■ Your objective ■
Dropping every picture, set down exactly the lines in the entries below, starting with the line with "日比野 徳臣さんを姓名の画数から五運を鑑定" and going on through the line with "USB サウンド カードと外部サウンド".

* * * *

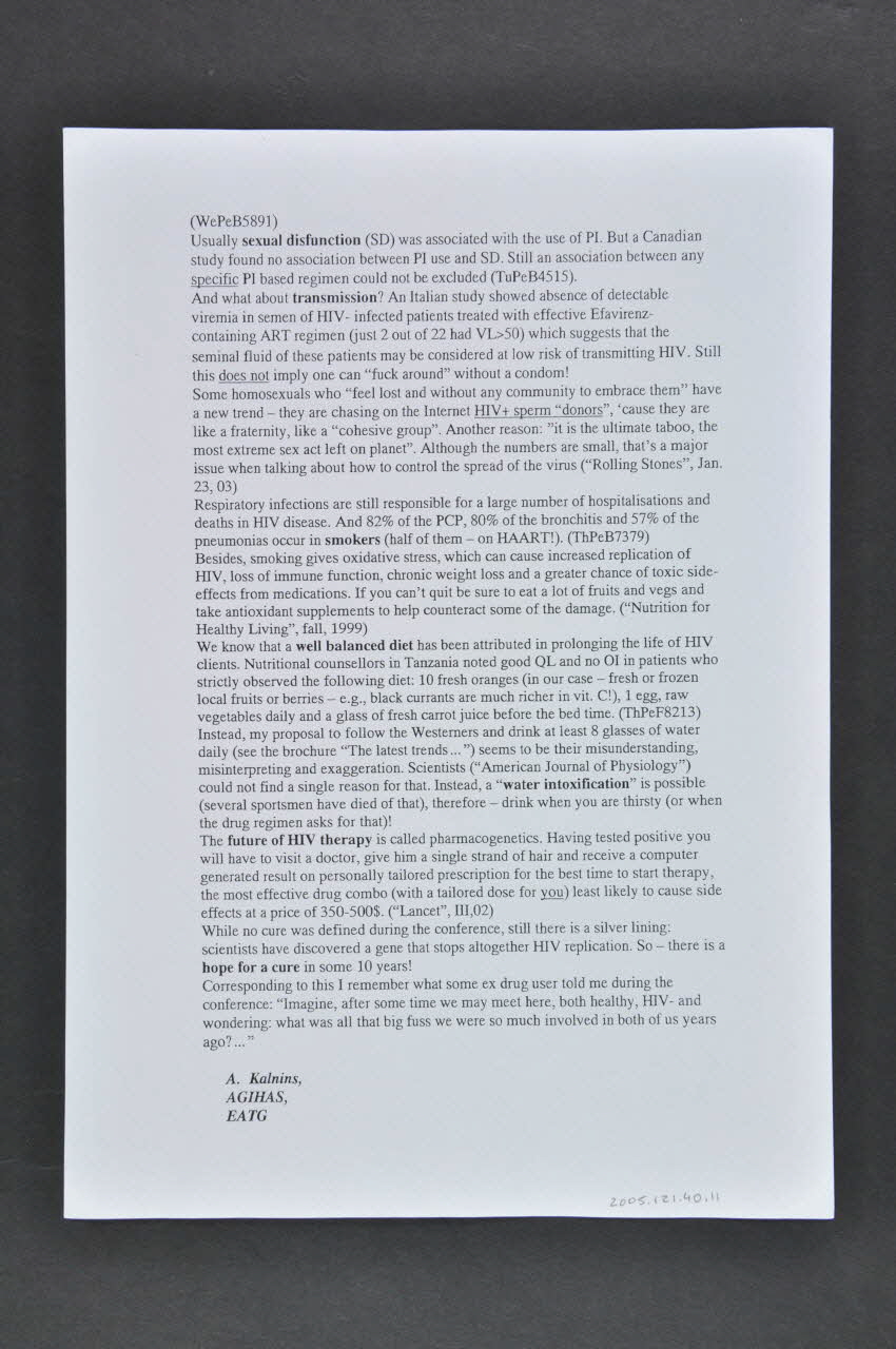 Fait partie d'une série de documents envoyés ensemble par l'association comme significatifs de son action. Dans une lettre d'accompagnement, le responsable de l'association s'excuse du retard mis à répondre à la demande de documentation et donne l'explication suivante : "Pour être honnête, au tout début, votre proposition m'a rendu très pessimiste. Je me demandais l'utilité de collecter tous ces matériaux. Maintenant, en y repensant, je suis arrivé à une conclusion différente : nous n'avons pas d'archives, et maintenant nos publications vont être gardées pour la postériorité au coeur de l'Europe ! Merci pour cette proposition merveilleuse et pour tous vos efforts."
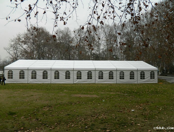 酒席帐篷采用高强度铝合金框架,坚固耐用,双面PVC涂层刀刮布,并有多种颜色可选用,抗风防雨,一至两天就可搭建完一个非常大的酒席帐篷,再经过匠人们的精心装饰,很快就会成为一座豪华的非常温馨的婚礼殿-堂。
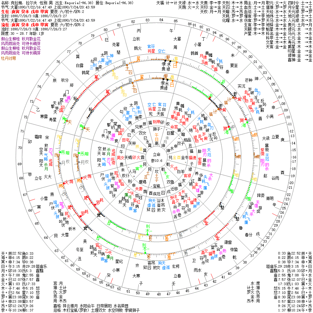 出生阳历:1890/7/26/3:0
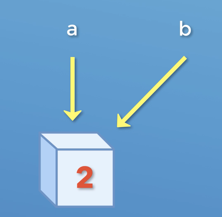 2๋ฒ์ํฉ์ด ๋๋ฉด, class๋๊น Reference ํ์ ์ผ๋ก b๋ ๋์ผํ๊ฒ a๊ฐ ์ฐธ์กฐํ๋ Object๋ฅผ ์ฐธ์กฐํ๊ฒ ๋๋ฉด์, ์์ฐ์ค๋ฝ๊ฒ Object์ Count๋ 2๋ก ์ฆ๊ฐํฉ๋๋ค.. a,b ๋ ๋ค ์ด Object๋ฅผ ์ฐธ์กฐํ๋๊น์!
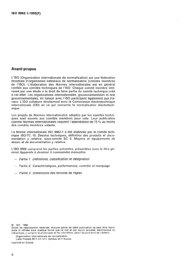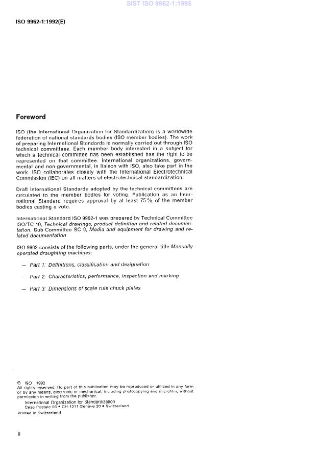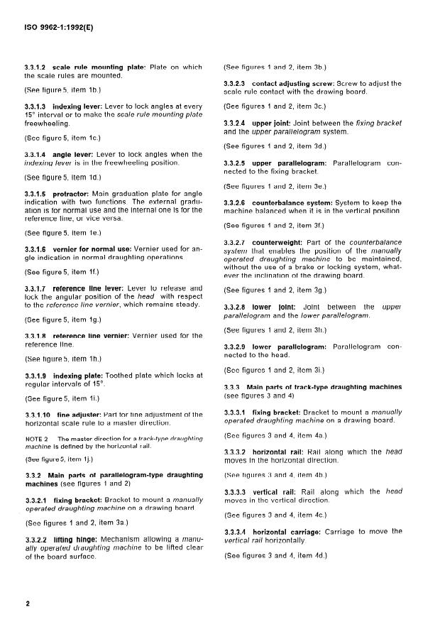 Keywords: ISO 9962-1, manually operated draughting machines, classification, definitions, designation, parallelogram, track-type, scale rule chuck plate, drawing board inclination, usable area.
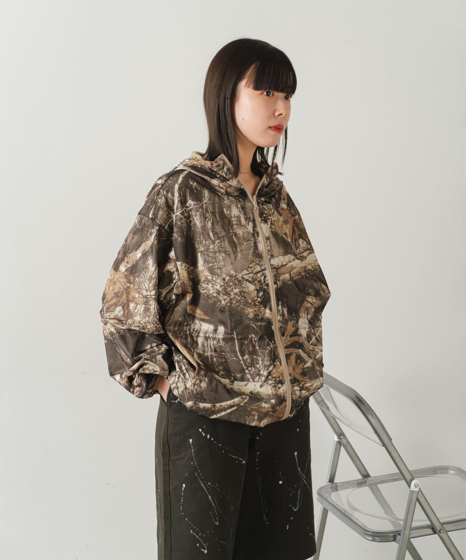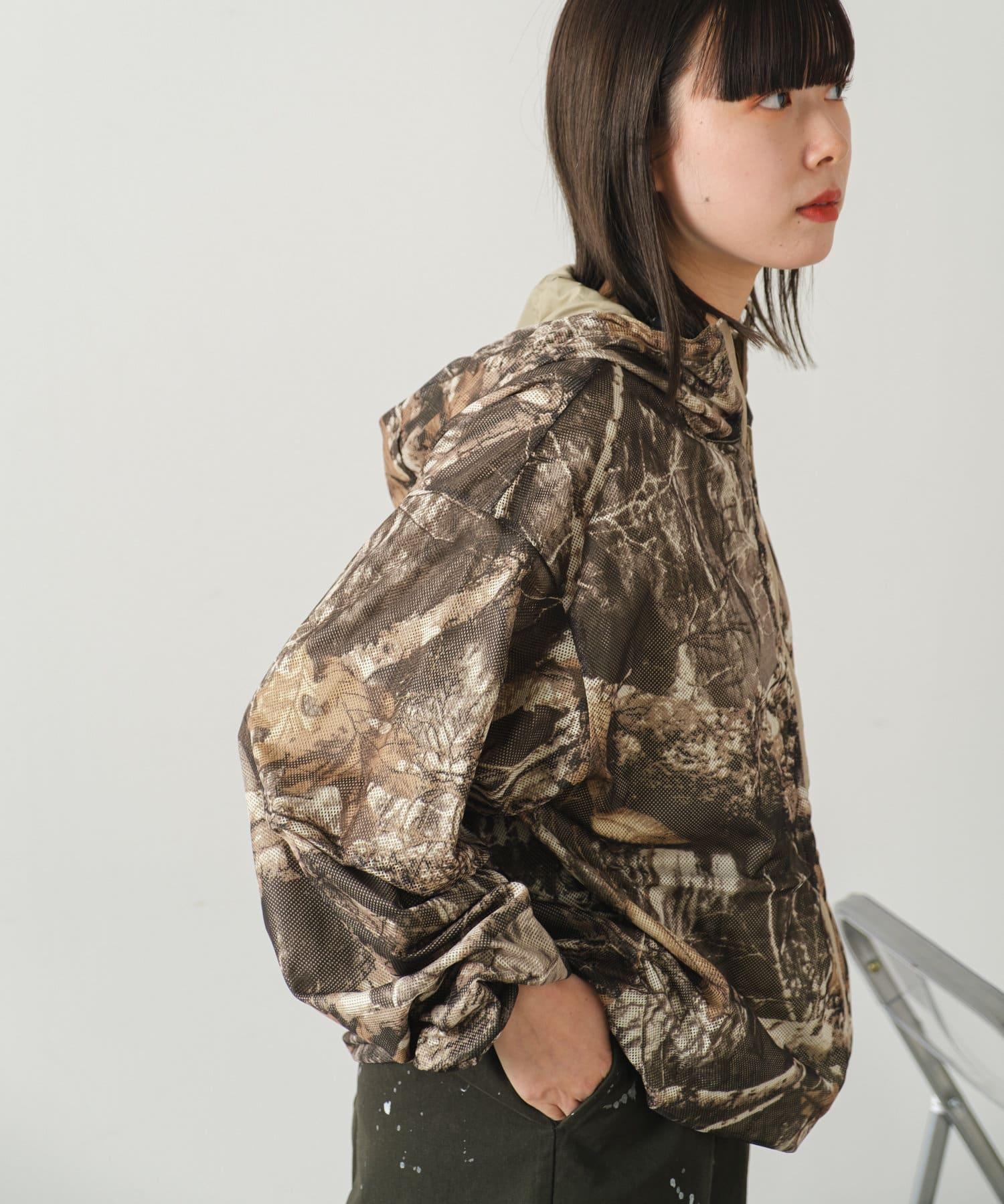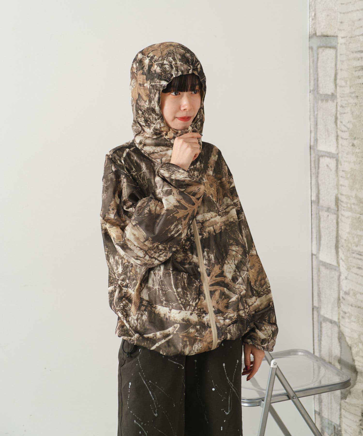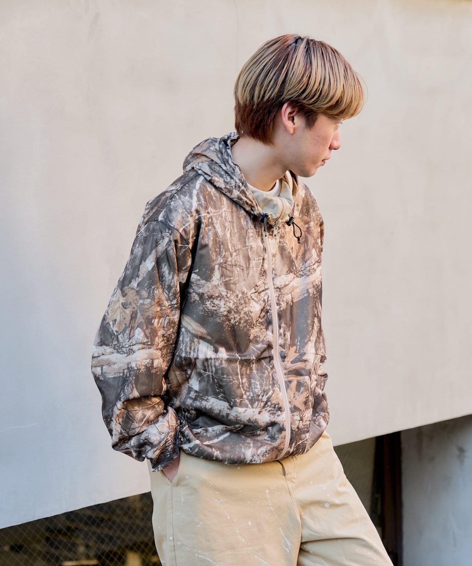 這是一款網眼/尼龍雙面拉鍊連帽衫,其配色和迷彩圖案具有 90 年代戶外和狩獵用品的感覺。
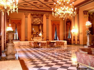 candelabros y lámparas, así como suelos de brillantes mármoles haciendo
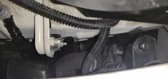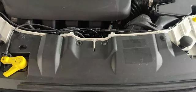 拉开引擎盖,可以明显看到前面盖板少了2颗螺丝,心里默念,拆卸过!为什么拆呢?撞了?带着疑问继续往下看。
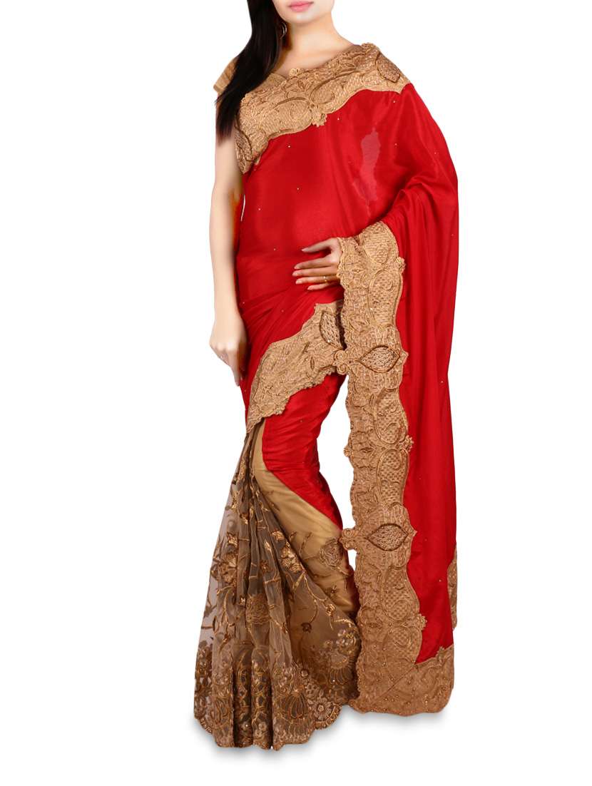 #1 red and beige embroidered georgette saree & similar products...
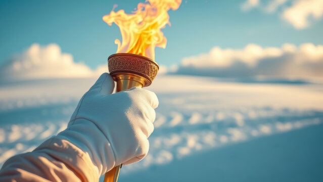 White gloved hand gripping flaming olympic torch against snowy mountain backdrop during Winter Olympics torch relay in Italy
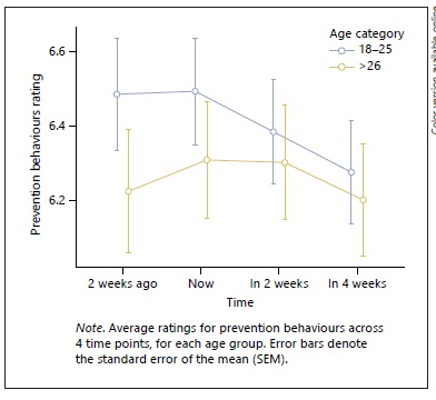 Adherence to the government-mandated preventive measures is shown to be critical to curb the spread of the infection, but there are individual differences in the extent people apply these preventive measures. For example, a survey by University College London including data from over 10 weeks showed that guideline adherence decreased substantially, from 70% at the start of the survey, to 50% at the end 26. However, this decline differed between age groups: while more than 60% of adults reported following the guidelines entirely, approximately only 40% of younger adults reported doing the same. Other studies during prior epidemics have shown similar results; during the SARS epidemic in Canada in 2003, younger adults reported following the guidelines less, and also perceived the situation to be less risky, compared with older adults 27. Prior research also shows that older adults perceive higher risk and behave more cautiously than younger adults concerning health-related activities 28 and that self-reported risk perception in social, financial and recreational domains increases with age 29. Furthermore, older adults report perceiving more risk of mortality if infected with COVID-19 5. Together, these findings indicate a clear trend for lower risk perception in younger adults, relative to older adults.
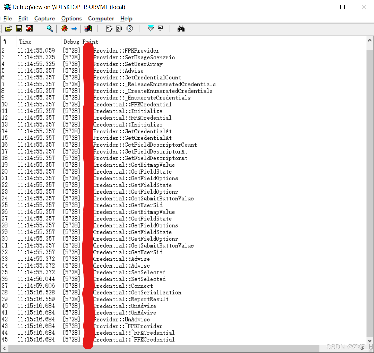 登录验证调用方法栈获取:CredentialProvider接口相关方法较多,官方文档描述不够完善,各个方法之间的调用顺序仅凭官方文档很难理清楚,此处对样例程序中的各个主要方法中加入OutputDebugStringA(__FUNCTION__)对调用的方法名进行打印,在使用登录插件登录验证过程中使用DebugView进行调试信息捕获,从而得到CredentialProvider在具体登录时的调用方法栈,具体如下图与日志所示(图例非匹配,以日志为主):
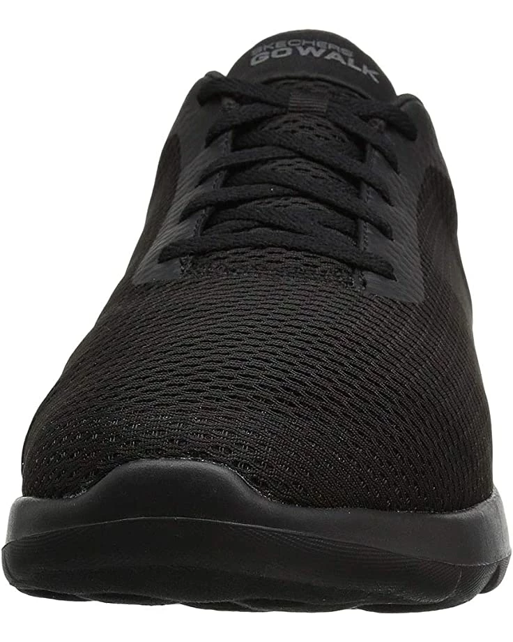 - The SKECHERS® Go Walk Max – 54601 sneaker offers maximum comfort and cushioning with an athletic design, a textured mesh fabric upper, and synthetic overlay at the laces for added durability.
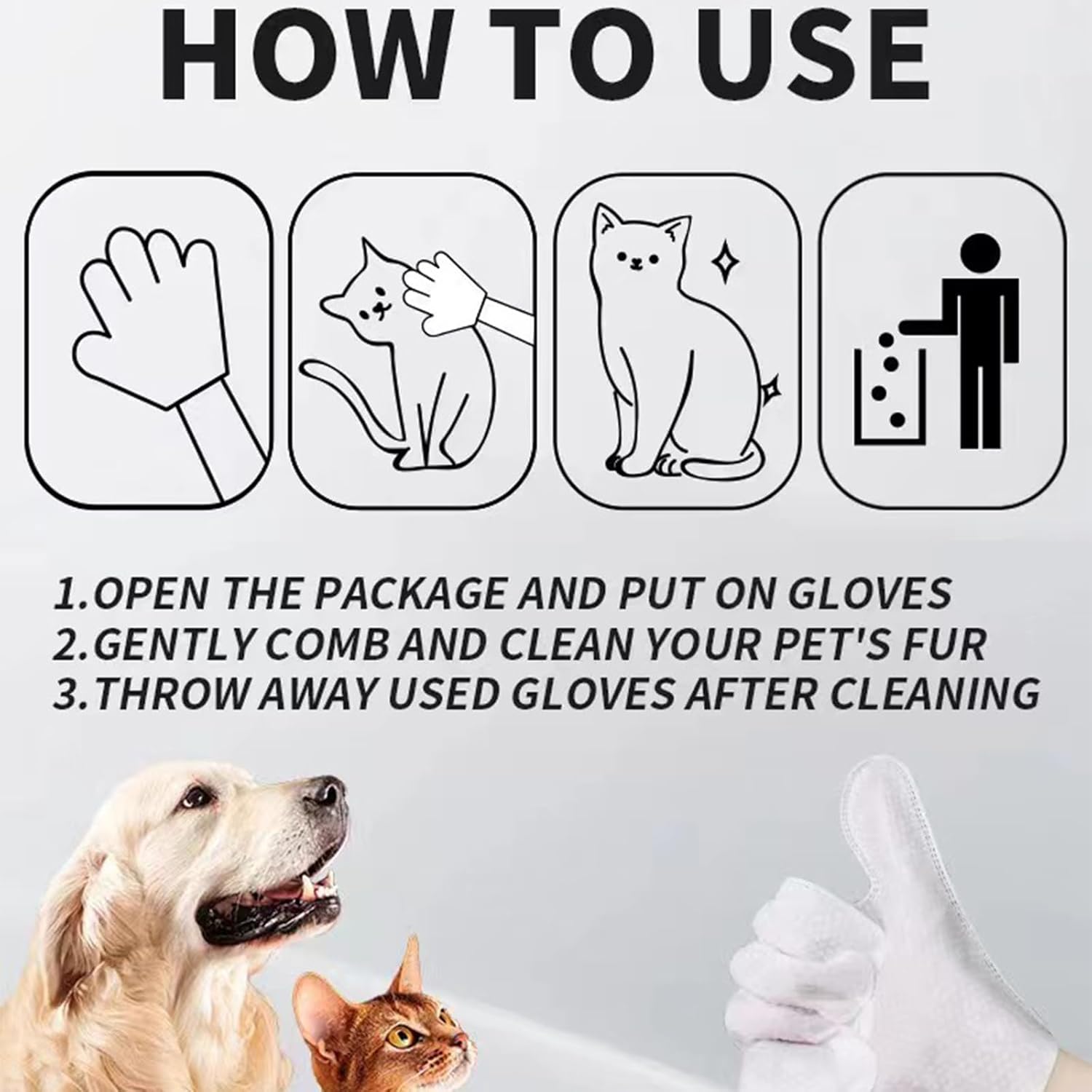 Pet Grooming Glove Wipes Combination,Pet Bathing Wipes for Dogs & Cats, Cleaning & Deodorizing Grooming Gloves, Nourish Fur Glove Wipes for Daily Care and Traveling, Rinse Free
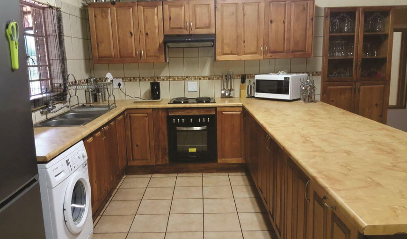 The fully equipped, double-storey house has a large deck overlooking the park. Watch the animals such as giraffe, kudu, zebra and impala as they roam freely in Marloth Park.
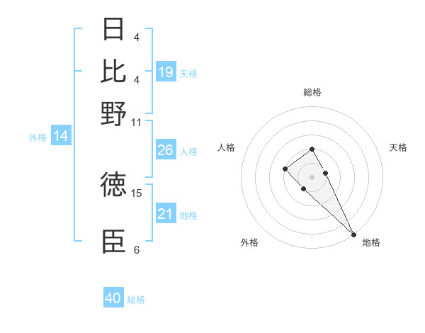 日比野 徳臣さんを姓名の画数から五運を鑑定
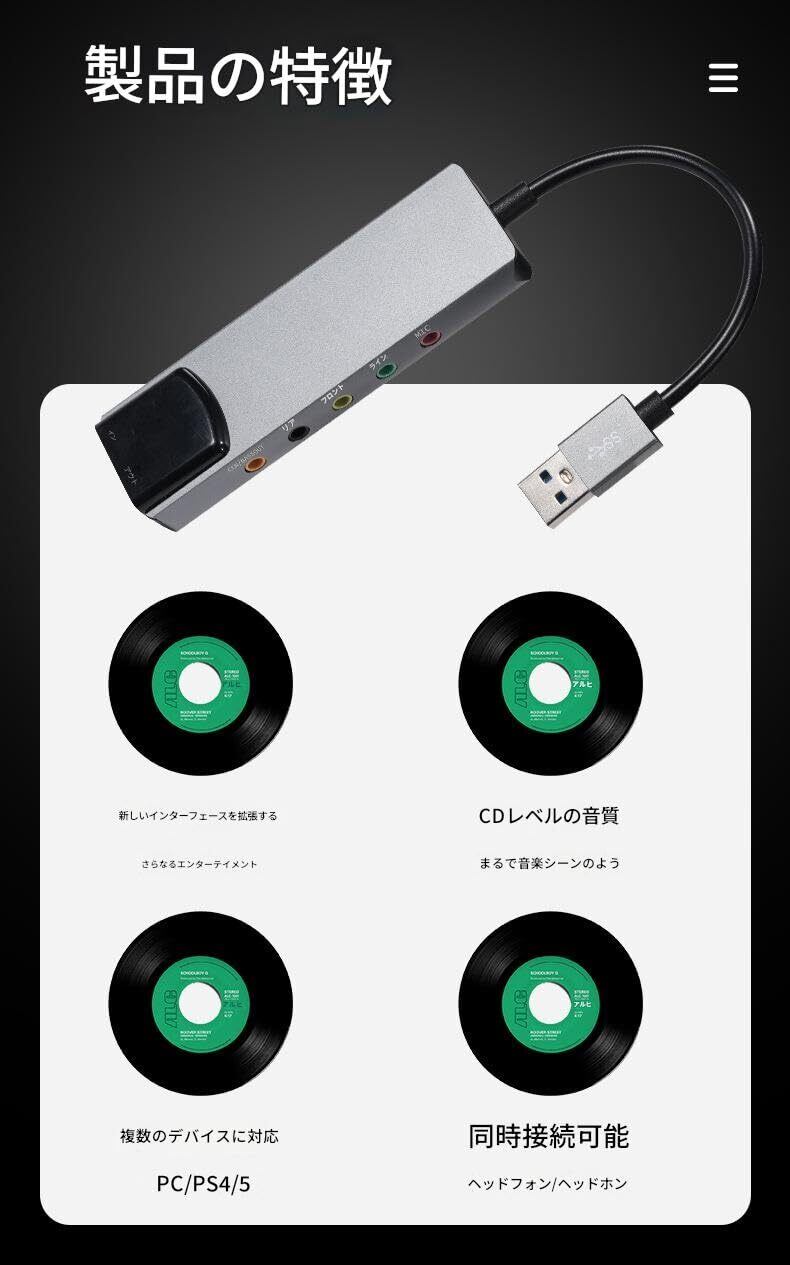 USB サウンド カードと外部サウンド カードでは、ミキシング機能、プロフェッショナル 5.1 チャンネル出力と光 SPDIF 出力、PC + サウンド カード + アンプ、5.1 スピーカーをサポートするためにドライバーをインストールする必要があります。
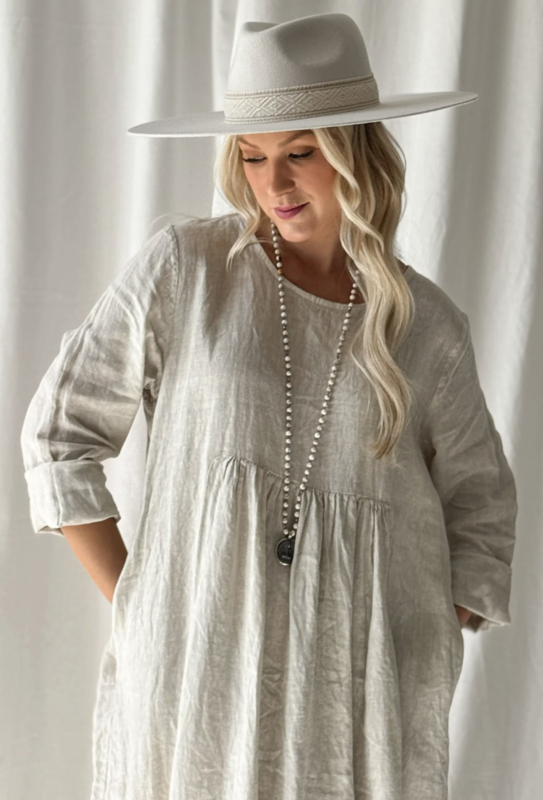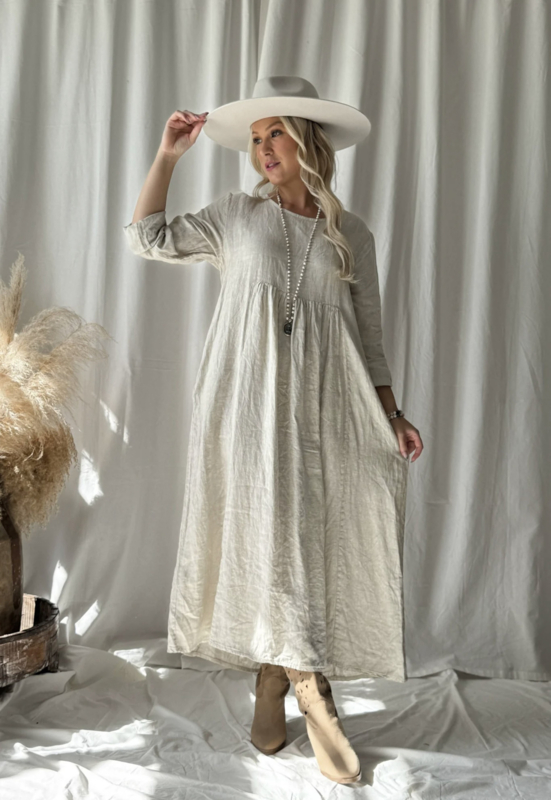 Eerlijk passende, A-lijn linnen jurk met een losse, ronde hals en rechte mouwen. Voor- en achterkant met een mooie kreukel in het midden. Zakken.

* * * *

■ Written solution ■
 日比野 徳臣さんを姓名の画数から五運を鑑定
 USB サウンド カードと外部サウンド カードでは、ミキシング機能、プロフェッショナル 5.1 チャンネル出力と光 SPDIF 出力、PC + サウンド カード + アンプ、5.1 スピーカーをサポートするためにドライバーをインストールする必要があります。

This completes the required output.